DATASET EXTRACT.
+++

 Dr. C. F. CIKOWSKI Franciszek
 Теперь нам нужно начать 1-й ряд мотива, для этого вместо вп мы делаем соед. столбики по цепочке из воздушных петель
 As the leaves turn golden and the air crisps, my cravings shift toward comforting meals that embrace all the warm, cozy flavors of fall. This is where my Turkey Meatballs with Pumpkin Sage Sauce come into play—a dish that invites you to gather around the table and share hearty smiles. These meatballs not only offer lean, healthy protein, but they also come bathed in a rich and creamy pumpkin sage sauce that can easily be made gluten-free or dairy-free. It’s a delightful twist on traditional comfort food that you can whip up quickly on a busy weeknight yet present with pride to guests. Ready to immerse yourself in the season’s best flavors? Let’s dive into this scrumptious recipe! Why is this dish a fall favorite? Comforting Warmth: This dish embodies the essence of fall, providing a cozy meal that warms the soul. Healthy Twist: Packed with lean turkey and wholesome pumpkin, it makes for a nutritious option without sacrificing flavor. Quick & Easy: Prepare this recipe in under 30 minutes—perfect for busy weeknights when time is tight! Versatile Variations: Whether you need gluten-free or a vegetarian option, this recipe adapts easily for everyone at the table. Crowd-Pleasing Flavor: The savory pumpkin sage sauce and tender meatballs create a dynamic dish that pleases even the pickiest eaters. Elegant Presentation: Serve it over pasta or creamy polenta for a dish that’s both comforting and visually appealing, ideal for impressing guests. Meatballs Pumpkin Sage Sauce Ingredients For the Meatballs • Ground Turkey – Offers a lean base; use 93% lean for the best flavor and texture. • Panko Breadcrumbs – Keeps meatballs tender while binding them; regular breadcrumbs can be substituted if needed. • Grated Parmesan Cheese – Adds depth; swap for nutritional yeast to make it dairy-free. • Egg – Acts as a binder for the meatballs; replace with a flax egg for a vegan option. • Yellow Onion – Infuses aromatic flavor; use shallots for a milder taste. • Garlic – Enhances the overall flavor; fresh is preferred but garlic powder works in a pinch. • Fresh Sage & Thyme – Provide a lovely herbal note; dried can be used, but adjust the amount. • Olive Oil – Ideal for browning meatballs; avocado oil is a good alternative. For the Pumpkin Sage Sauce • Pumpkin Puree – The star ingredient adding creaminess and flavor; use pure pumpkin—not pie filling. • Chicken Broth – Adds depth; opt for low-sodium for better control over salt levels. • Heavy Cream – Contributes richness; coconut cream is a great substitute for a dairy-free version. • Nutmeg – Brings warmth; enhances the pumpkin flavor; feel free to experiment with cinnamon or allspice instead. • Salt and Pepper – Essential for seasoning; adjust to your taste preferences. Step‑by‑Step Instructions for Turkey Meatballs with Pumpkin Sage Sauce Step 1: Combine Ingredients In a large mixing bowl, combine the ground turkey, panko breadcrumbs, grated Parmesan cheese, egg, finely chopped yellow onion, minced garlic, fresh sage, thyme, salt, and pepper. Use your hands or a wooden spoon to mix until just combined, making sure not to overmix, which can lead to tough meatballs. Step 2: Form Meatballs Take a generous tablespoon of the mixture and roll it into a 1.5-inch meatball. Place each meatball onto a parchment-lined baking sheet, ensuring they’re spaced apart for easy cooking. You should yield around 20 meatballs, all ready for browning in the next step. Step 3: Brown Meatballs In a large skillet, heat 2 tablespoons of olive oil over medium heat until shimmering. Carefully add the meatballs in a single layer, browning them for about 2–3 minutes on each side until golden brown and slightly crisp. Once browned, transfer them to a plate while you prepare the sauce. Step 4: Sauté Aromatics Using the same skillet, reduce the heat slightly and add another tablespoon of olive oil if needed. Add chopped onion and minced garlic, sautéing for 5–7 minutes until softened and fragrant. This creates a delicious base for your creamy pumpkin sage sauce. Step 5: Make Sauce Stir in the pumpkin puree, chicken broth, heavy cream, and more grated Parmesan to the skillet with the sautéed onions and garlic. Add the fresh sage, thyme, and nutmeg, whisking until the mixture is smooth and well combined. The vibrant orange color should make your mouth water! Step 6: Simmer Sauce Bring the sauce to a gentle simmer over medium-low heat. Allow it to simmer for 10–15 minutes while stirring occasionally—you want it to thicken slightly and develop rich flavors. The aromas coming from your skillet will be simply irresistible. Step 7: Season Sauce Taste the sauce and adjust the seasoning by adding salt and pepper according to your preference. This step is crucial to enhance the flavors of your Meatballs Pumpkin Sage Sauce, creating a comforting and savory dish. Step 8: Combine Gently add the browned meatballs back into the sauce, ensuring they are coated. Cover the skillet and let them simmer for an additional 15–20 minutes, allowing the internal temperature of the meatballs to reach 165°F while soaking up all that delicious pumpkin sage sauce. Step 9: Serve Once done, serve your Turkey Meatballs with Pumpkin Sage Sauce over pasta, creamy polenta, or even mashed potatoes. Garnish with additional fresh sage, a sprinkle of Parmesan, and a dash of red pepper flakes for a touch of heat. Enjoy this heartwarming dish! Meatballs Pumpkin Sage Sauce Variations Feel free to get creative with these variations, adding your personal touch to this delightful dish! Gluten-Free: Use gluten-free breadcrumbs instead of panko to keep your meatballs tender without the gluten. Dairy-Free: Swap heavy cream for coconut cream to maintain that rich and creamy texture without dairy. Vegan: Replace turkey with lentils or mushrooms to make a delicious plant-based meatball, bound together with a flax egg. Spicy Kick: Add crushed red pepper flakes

+++

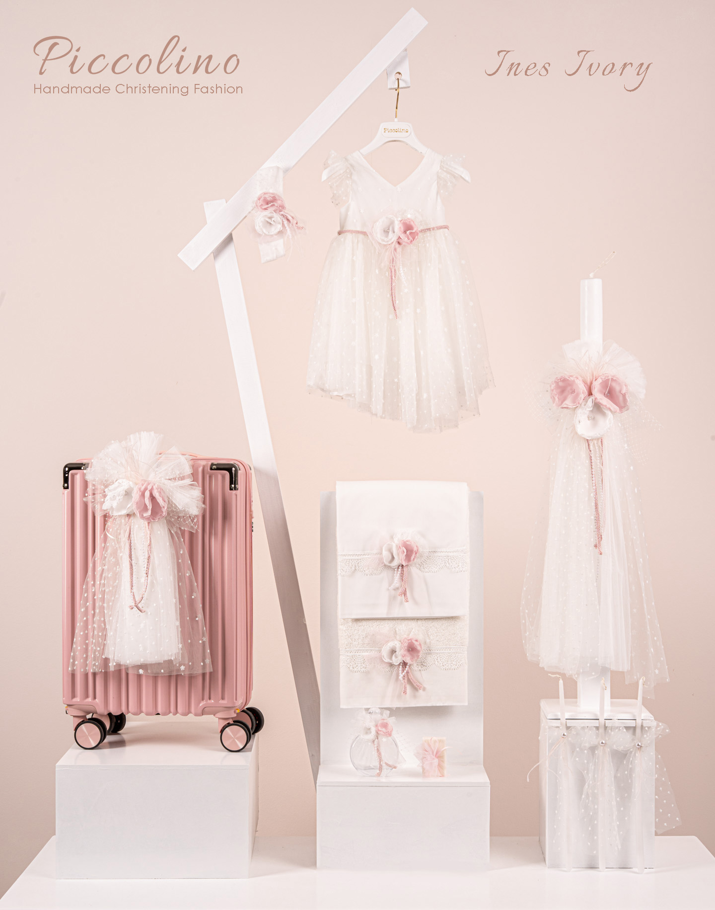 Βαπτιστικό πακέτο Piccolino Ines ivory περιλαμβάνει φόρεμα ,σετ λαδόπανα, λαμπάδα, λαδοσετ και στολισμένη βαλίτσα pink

+++

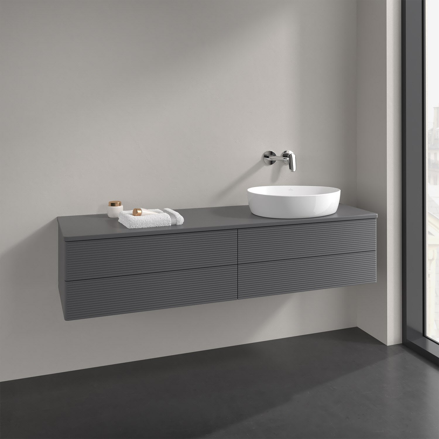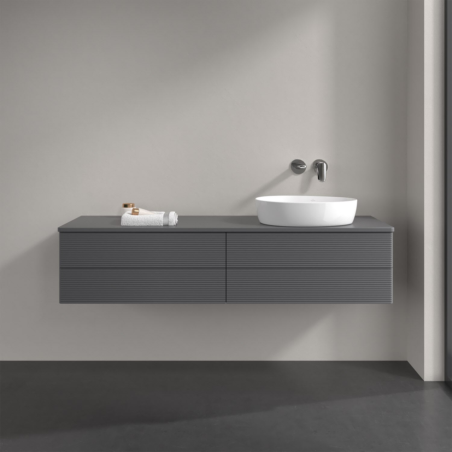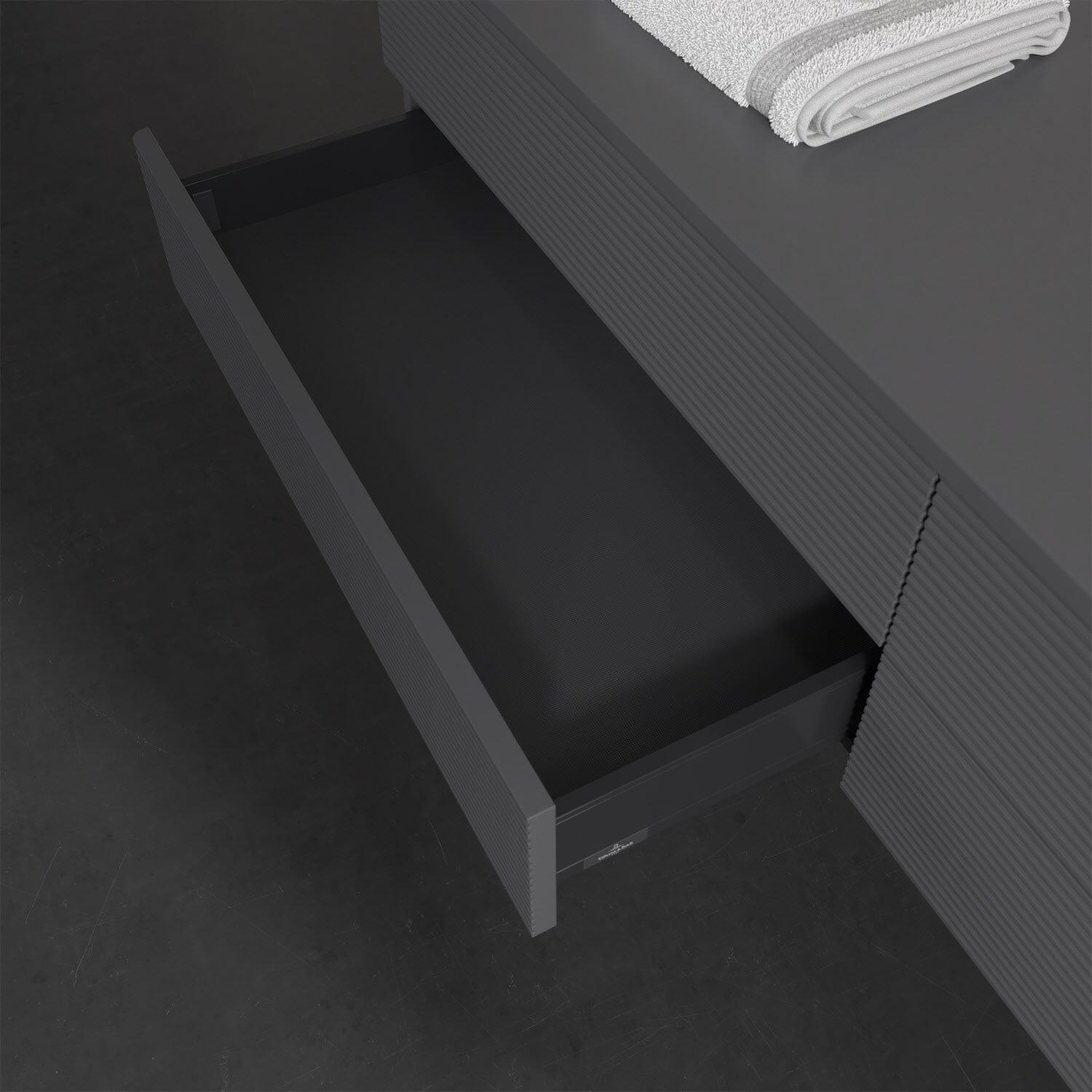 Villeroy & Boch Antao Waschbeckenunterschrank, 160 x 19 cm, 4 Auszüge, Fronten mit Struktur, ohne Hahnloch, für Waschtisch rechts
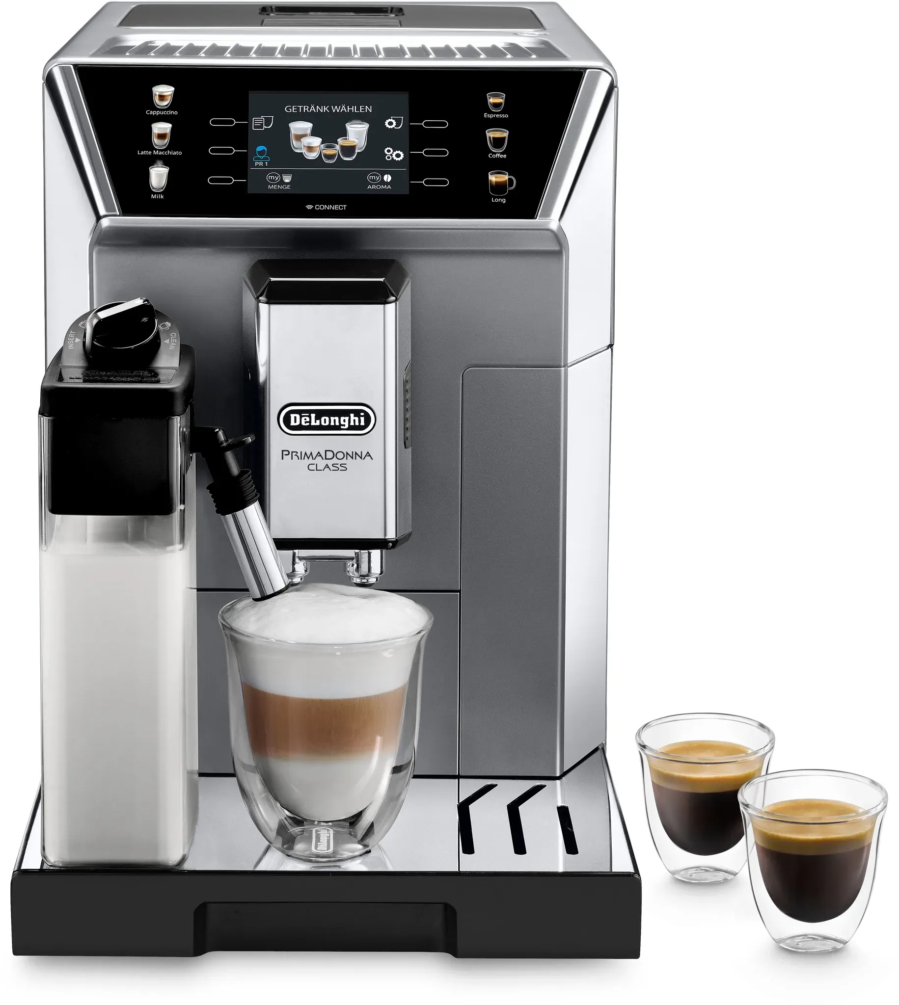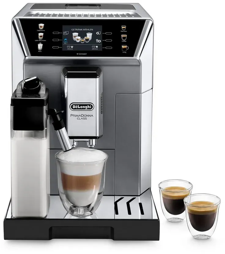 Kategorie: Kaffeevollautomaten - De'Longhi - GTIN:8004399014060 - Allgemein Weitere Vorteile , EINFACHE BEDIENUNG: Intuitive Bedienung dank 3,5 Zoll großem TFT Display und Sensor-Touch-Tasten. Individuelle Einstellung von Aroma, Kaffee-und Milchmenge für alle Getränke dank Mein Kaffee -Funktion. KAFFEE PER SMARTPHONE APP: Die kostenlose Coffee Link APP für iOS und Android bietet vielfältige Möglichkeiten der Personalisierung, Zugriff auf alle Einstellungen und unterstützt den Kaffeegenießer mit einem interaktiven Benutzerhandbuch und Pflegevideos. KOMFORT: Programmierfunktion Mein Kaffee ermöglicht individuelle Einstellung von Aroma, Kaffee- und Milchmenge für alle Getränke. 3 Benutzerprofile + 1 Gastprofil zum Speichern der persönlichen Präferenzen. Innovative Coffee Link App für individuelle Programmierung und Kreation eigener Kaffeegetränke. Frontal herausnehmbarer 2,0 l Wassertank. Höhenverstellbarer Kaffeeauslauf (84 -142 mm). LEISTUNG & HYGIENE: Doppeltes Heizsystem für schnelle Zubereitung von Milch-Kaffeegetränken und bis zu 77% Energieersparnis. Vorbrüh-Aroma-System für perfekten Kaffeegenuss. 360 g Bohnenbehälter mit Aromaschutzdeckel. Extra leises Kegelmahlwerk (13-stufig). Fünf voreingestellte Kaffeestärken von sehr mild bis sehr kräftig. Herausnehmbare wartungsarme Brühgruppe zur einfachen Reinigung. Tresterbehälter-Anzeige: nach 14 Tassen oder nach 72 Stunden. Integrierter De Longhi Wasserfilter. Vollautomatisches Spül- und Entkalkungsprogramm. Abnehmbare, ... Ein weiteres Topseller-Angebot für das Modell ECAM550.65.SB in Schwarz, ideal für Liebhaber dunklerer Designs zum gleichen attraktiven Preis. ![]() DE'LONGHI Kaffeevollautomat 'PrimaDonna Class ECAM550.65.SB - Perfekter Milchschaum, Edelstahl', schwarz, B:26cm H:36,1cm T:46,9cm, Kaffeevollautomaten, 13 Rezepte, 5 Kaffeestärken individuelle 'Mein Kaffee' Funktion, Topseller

+++

ASSIGNED TASK.
Your reply is to repeat, unchanged, the lines above running from the one with "Dr. C. F. CIKOWSKI Franciszek" up to and including the one with "Теперь нам нужно".

RESULT FOR THIS TASK.
 Dr. C. F. CIKOWSKI Franciszek
 Теперь нам нужно начать 1-й ряд мотива, для этого вместо вп мы делаем соед. столбики по цепочке из воздушных петель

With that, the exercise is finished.